This strong demand is meeting a constrained supply chain, creating significant pricing power for substrate makers. There are three key factors at play. First, Ajinomoto, the dominant supplier of essential ABF film, announced a roughly 30% price hike effective in the third quarter of 2026. Second, the cost of other key raw materials, like copper, has surged over 37% in the past eight months. Third, a weaker New Taiwan Dollar provides a tailwind for Taiwanese exporters. This confluence of rising input costs gives substrate makers the justification to raise their own average selling prices (ASPs) by an estimated 3-6%, making new investments in capacity expansion far more attractive.
Therefore, Nan Ya's decision to ramp up its capex is a direct and logical response to these market signals. It's not an isolated move but part of a synchronized industry-wide push. Upstream, foundries like TSMC are aggressively expanding their advanced packaging capacity. Downstream, memory companies are pouring billions into HBM production. Nan Ya is positioning itself to capture this wave of demand, de-risked by long-term customer commitments and a favorable pricing environment.

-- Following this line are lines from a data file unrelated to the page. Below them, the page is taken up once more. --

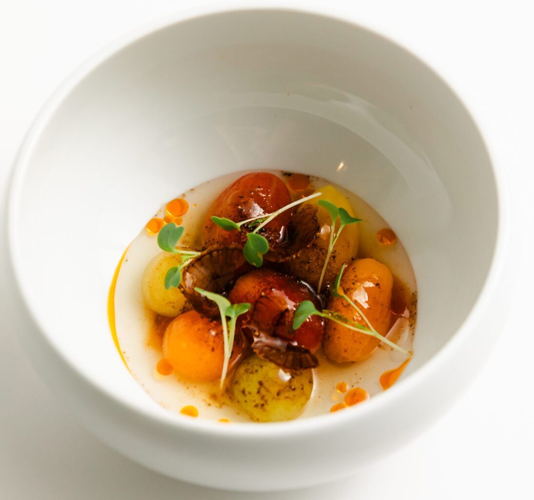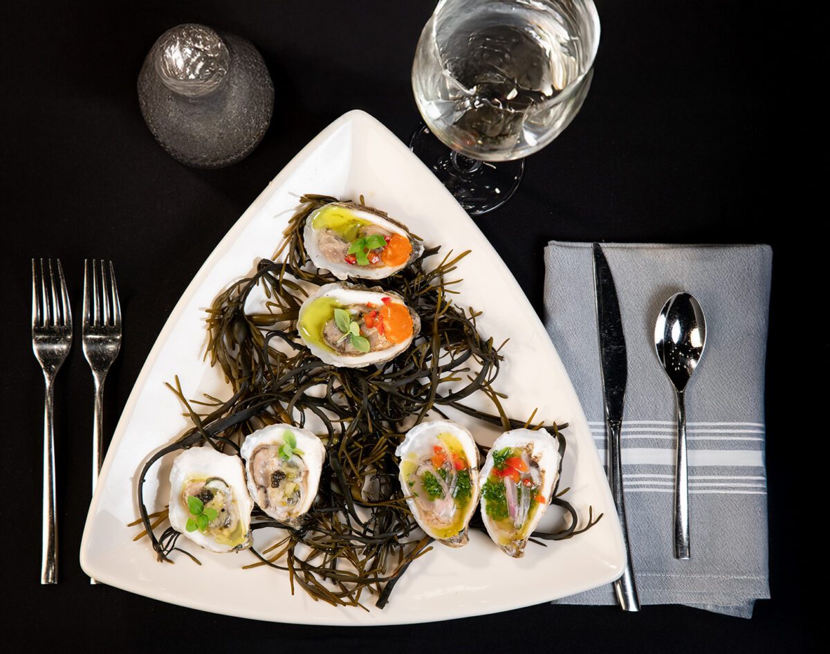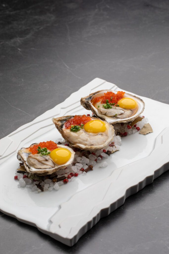 Featured photo caption: At the Summit Club, diners can enjoy delicacies from chef Bill Lyle, including a Japanese oyster shooter with quail egg, tobiko, sake and shoyu glaze. Photo by Brent Fuchs
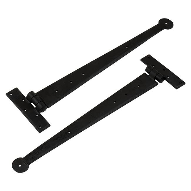 Traditional hand forged penny end T hinge in black beeswax finish
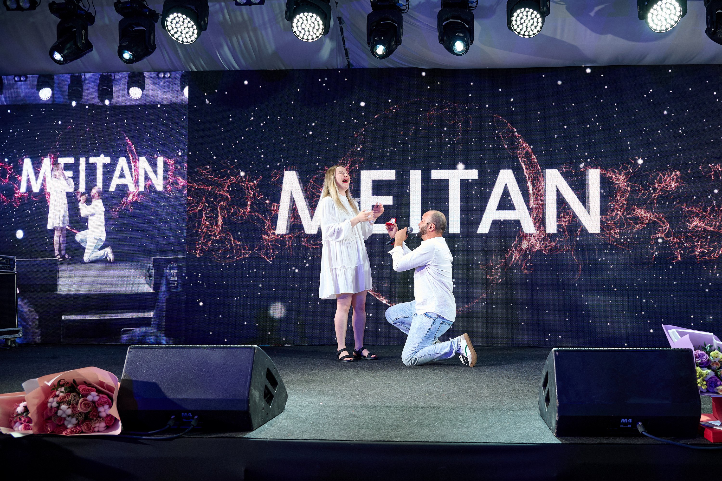 Мужчина признался, что все время было как-то не до этого. Но на 20-м Дне рождения Компании МейТан в июне 2023 года он решился. И сделал любимой предложение прямо на сцене.
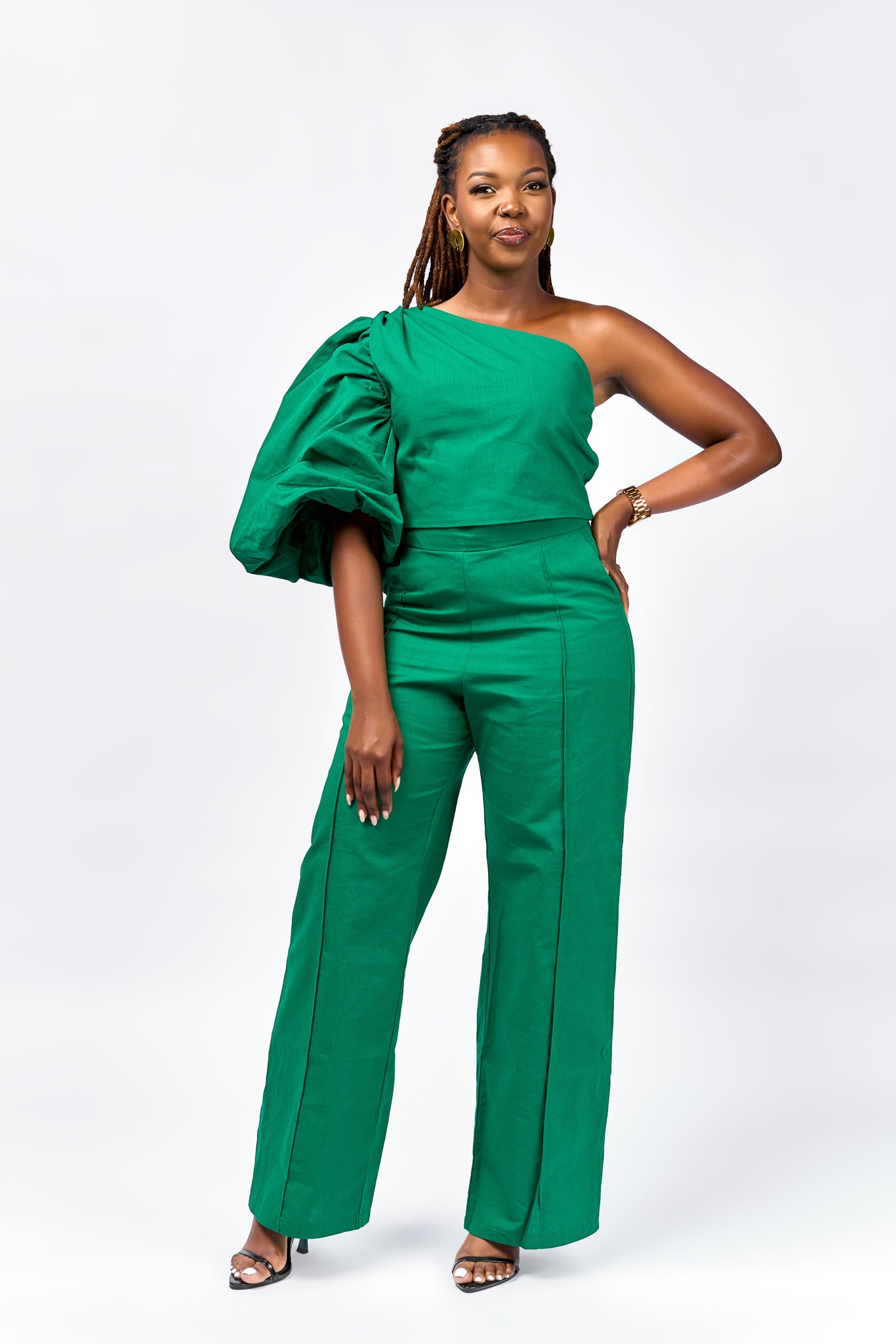 These green wide-leg pants deliver a power move in every step. Designed to elongate the frame and command attention, this piece is a modern essential for the woman who leads with style. Pair it with the matching crop shirt or a crisp white blouse for a look that means business, with a twist.
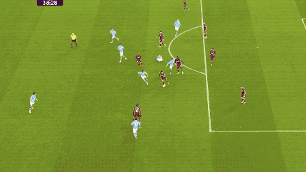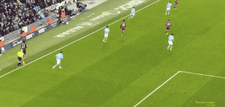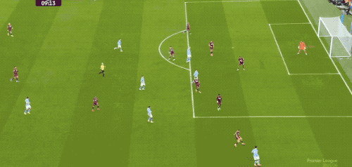 第69分钟,萨维尼奥利用速度和节奏的变化撕开西汉姆联的防线,刘易斯虚晃一枪,西汉姆联后卫配合失误,哈兰德梅开二度。
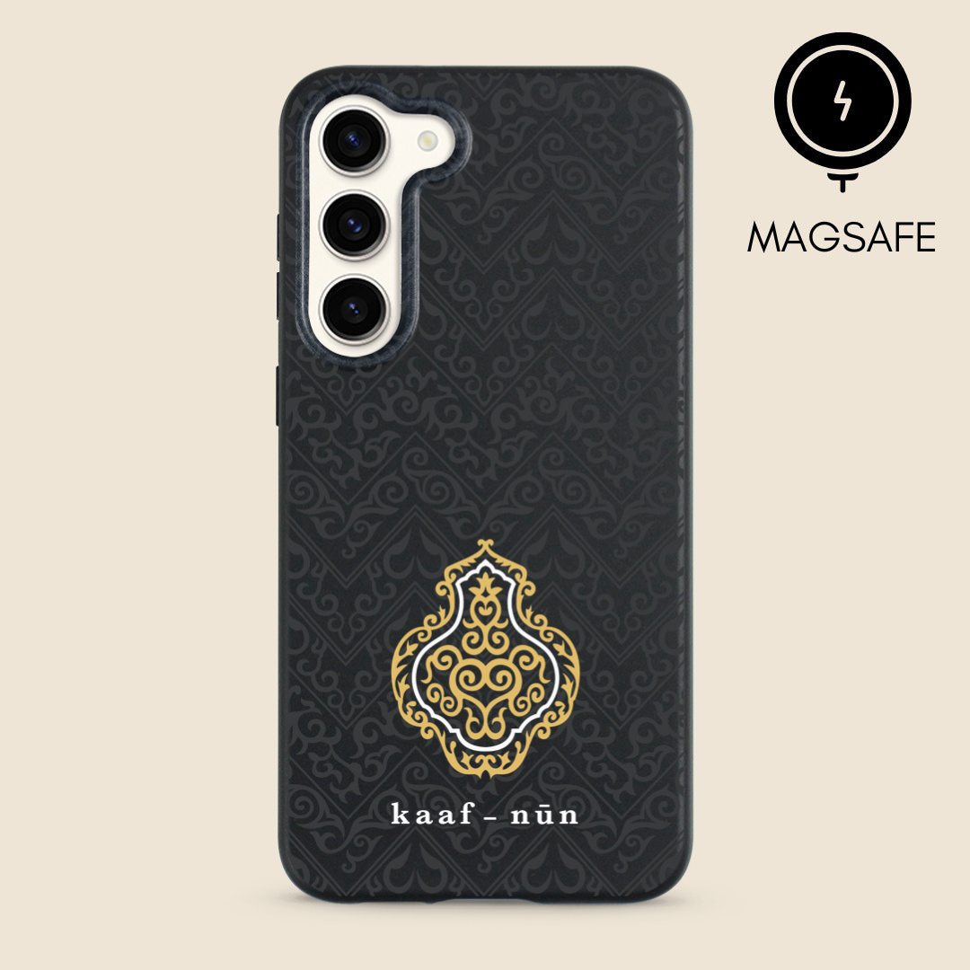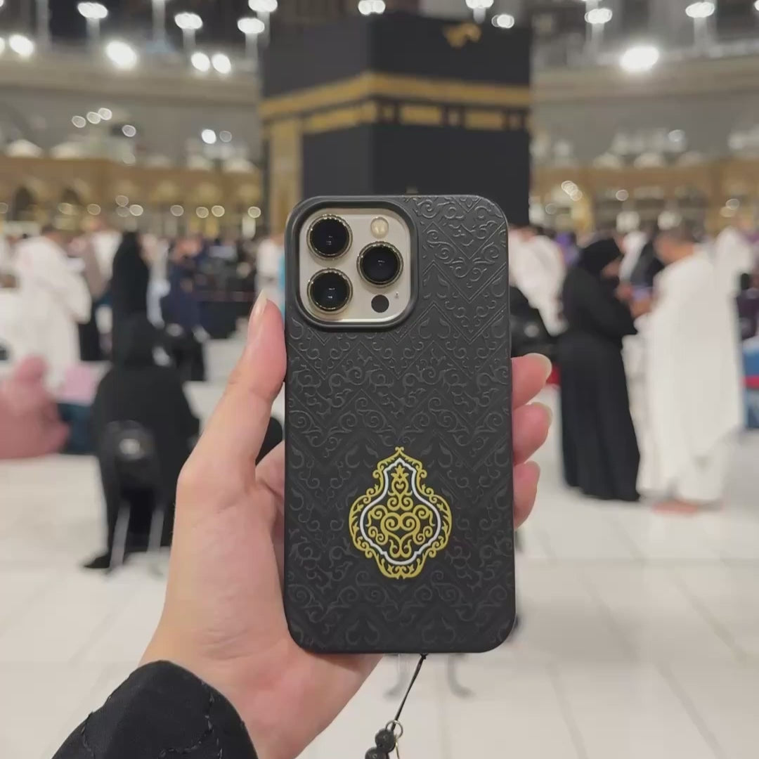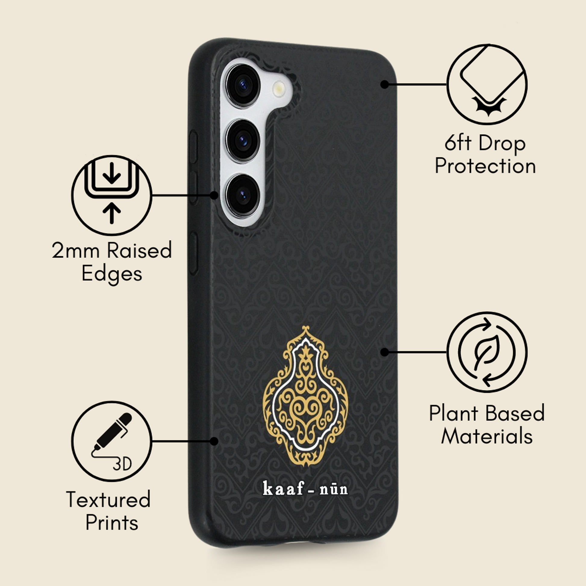 This design takes inspiration from the refined embroidery stitched into the iconic cloth covering the building at the epicentre of the universe - the Kaaba. Class and sophistication meet in this beautifully designed Samsung case. Its intricate embroidery pattern is inspired by the iconic Kaaba, bringing a representation of your faith to your everyday life. Keep your phone protected with our eco-friendly cases, inspired by designs made to represent YOU.
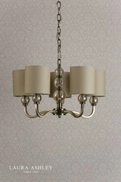 Laura Ashley Selby 5lt Chandelier Antique Brass Amber Glass With Shades
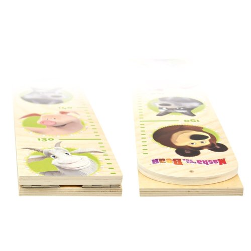 Metr přírodní barvy vyrobený z MDF desky potištěný vtipnými motivy ze známého dětského seriálu „Máša a medvěd" je skvělou dekorací do každého dětského pokoje. Měření výšky těla s roztomilými zvířátky je mnohem zábavnější. Malý otvor v záhlaví umožňuje snadné připevnění na zeď. Tištěná stupnice pro měření je v rozmezí od 80 cm do 160 cm výšky. V kombinaci s dalšími předměty z kolekce "Máša a medvěd" lze dětský pokoj proměnit v nádherný dětský ráj. Metr je přibližně 85,5 cm vysoký, 9,5 cm široký a 1 cm silný. Jedná se o dekorativní předmět, nikoli hračku. Hlavní vlastnosti: K měření dítěte od 80 do 160 cm
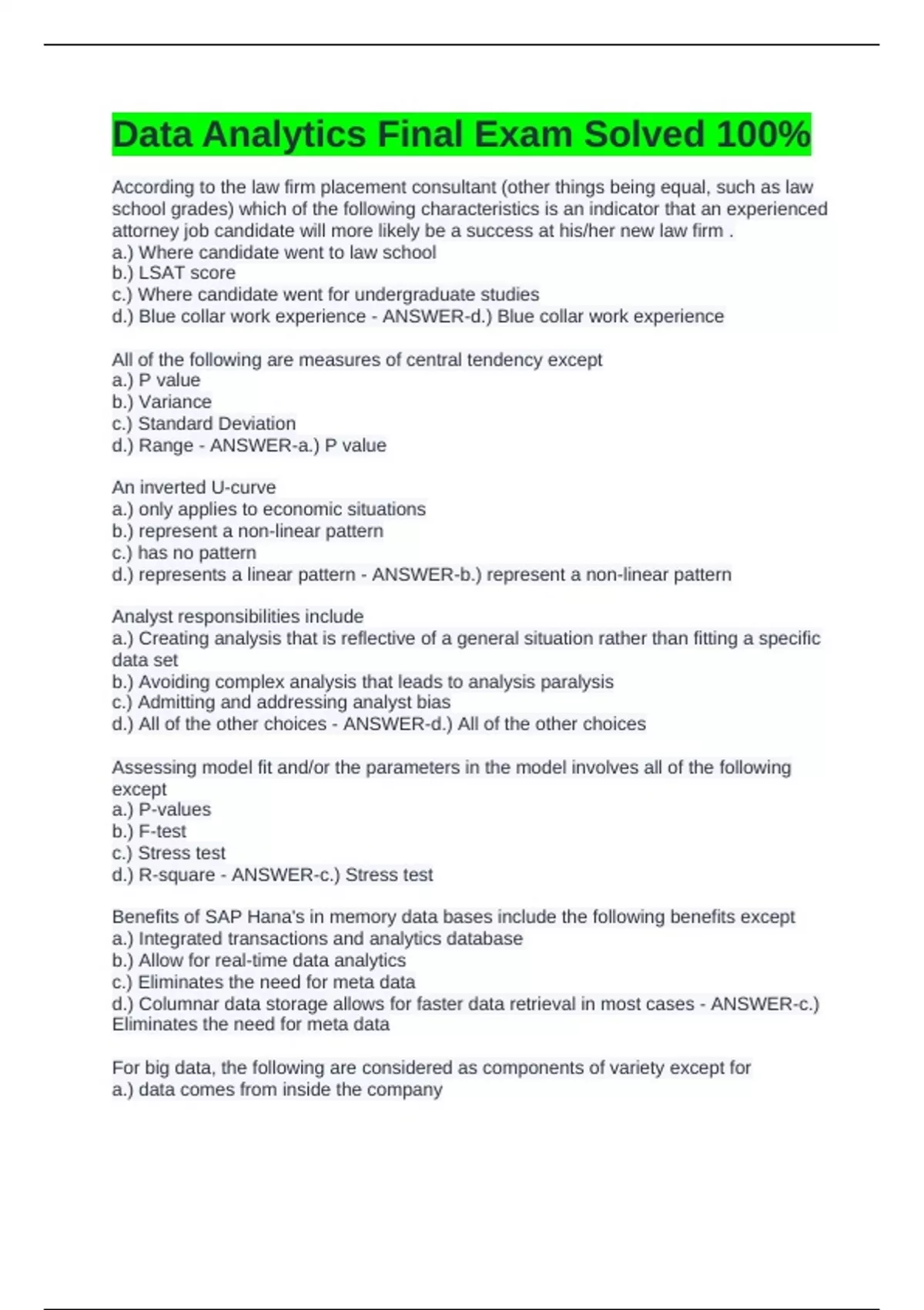 Data Analytics Final Exam Solved 100%
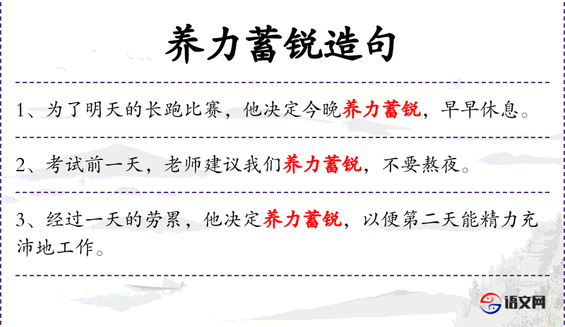 - 养力蓄锐:指积蓄力量,准备迎接挑战。

In essence, Nan Ya's investment signal highlights a critical shift in the semiconductor value chain. The bottleneck for AI hardware is no longer just about leading-edge silicon, but increasingly about the advanced packaging and substrates needed to connect everything. This suggests the substrate sector is moving from a cyclical industry to one with structural, long-term growth drivers.
- ABF Substrate: Ajinomoto Build-up Film substrate is a high-performance circuit board component essential for connecting advanced chips like CPUs and GPUs to the rest of a system.
- Capex: Capital expenditure, or the money a company spends to buy, maintain, or upgrade physical assets like factories and machinery.
- CoWoS: Chip-on-Wafer-on-Substrate is an advanced packaging technology developed by TSMC that stacks multiple chips together to improve performance and efficiency, widely used in AI accelerators.